Dr. Brian L. Evans is the Engineering Foundation Professor of Electrical and Computer Engineering at The University of Texas at Austin.
He earned his B.S.E.E.C.S. (1987) degree from the Rose-Hulman Institute of Technology, and his M.S.E.E. (1988) and Ph.D.E.E. (1993) degrees from the Georgia Institute of Technology. From 1993 to 1996, he was a post-doctoral researcher at the University of California, Berkeley. In 1996, he joined the faculty at UT Austin.
His research and teaching interests are in the processing of signals to increase connection speeds and reliability in communication systems and improve visual quality of video and still images. More specifically, his research group develops signal processing theory and algorithms with implementation constraints in mind, and translates algorithms into design methods and embedded prototypes. His research group also develops and deploys full system testbeds to test out their research ideas. His current research efforts include wireless interference mitigation, cloud radio access networks, smart grid communications, smart phone video acquisition and system-level electronic design automation.

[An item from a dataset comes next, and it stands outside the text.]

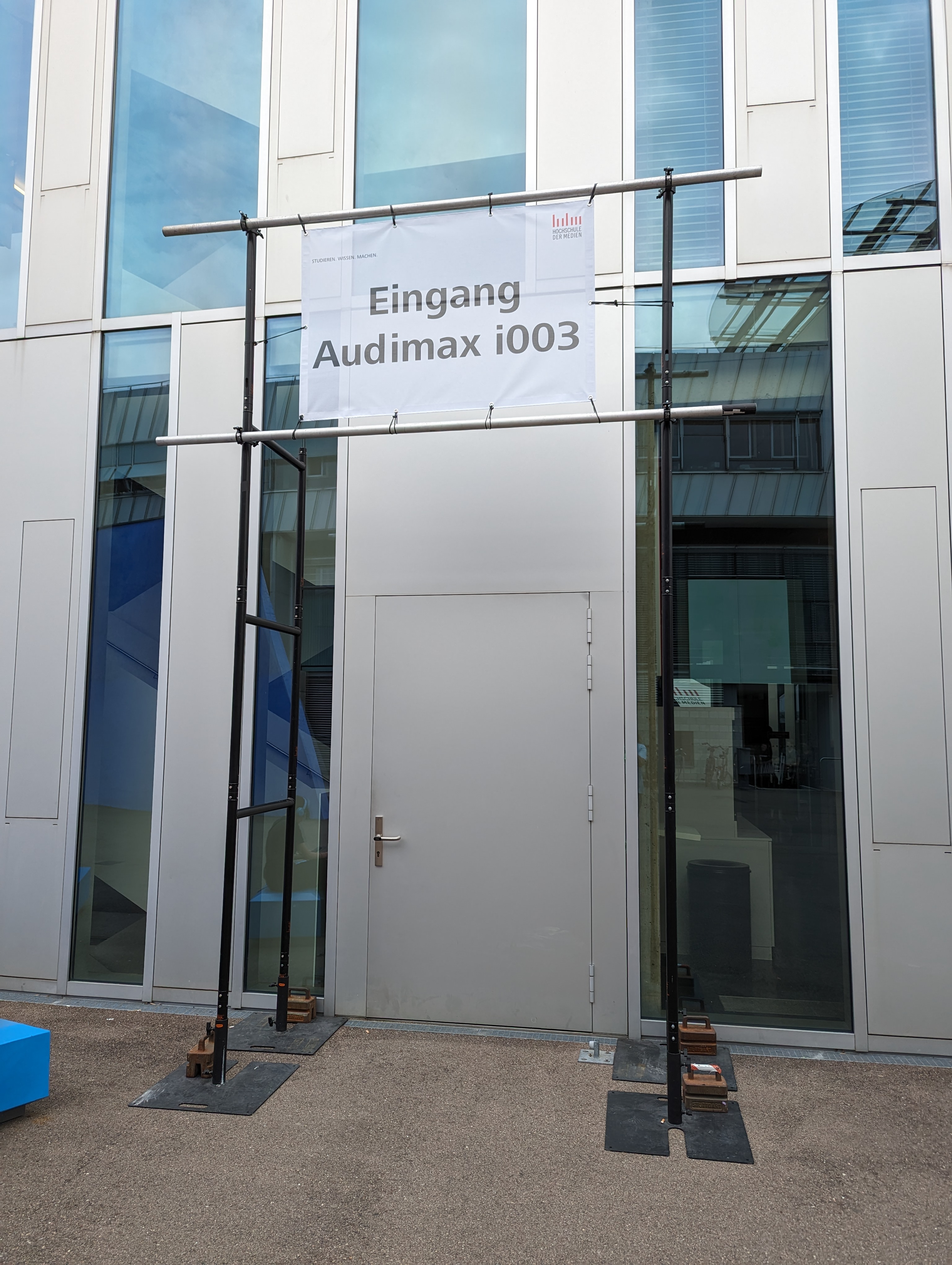 - 2x Ausdrucke DIN A3 für Wegweiser „Eingang Audimax i003 ←“
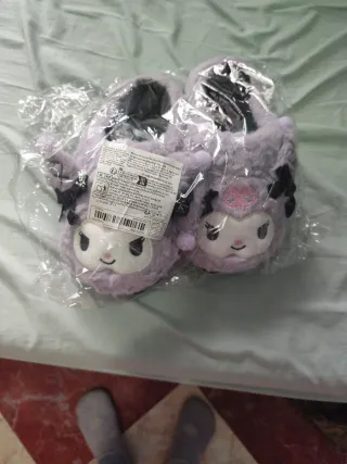 Adorables zapatillas de Kuromi, perfectas para estar cómodo en casa. Su diseño suave y tierno las hace ideales. No se han usado , solo probado. - Es un 36-37, pero queda mejor en un 36, yo tengo la 37 y me quedan pequeñas. - Detalle de orejas y cara de Kuromi. - Materiales de felpa para mayor calidez. - Suela antideslizante para seguridad.

Prof. Evans was elevated to IEEE Fellow "for contributions to multicarrier communications and image display". In multicarrier communications, his group developed the first linear complexity algorithm that allocates resources to optimize bit rates in multiuser OFDM systems (for cellular and WiMax) and is realizable in fixed-point hardware/software. His group also developed the first ADSL equalizer training method that maximizes a measure of bit rate and is realizable in real-time fixed-point software. In image display, his group's primary contribution is in the design, analysis, and quality assessment of image halftoning by error diffusion for real-time processing by printer pipelines.
Prof. Evans has published more than 200 refereed conference and journal papers, and graduated 24 PhD and 9 MS students. In 2008, he was awarded the Gordon T. Lepley Memorial Teaching Award, which is the sole ECE teaching award for faculty. In 2011, he was awarded the university-wide Texas Exes Teaching Award. He received a 1997 US National Science Foundation CAREER Award.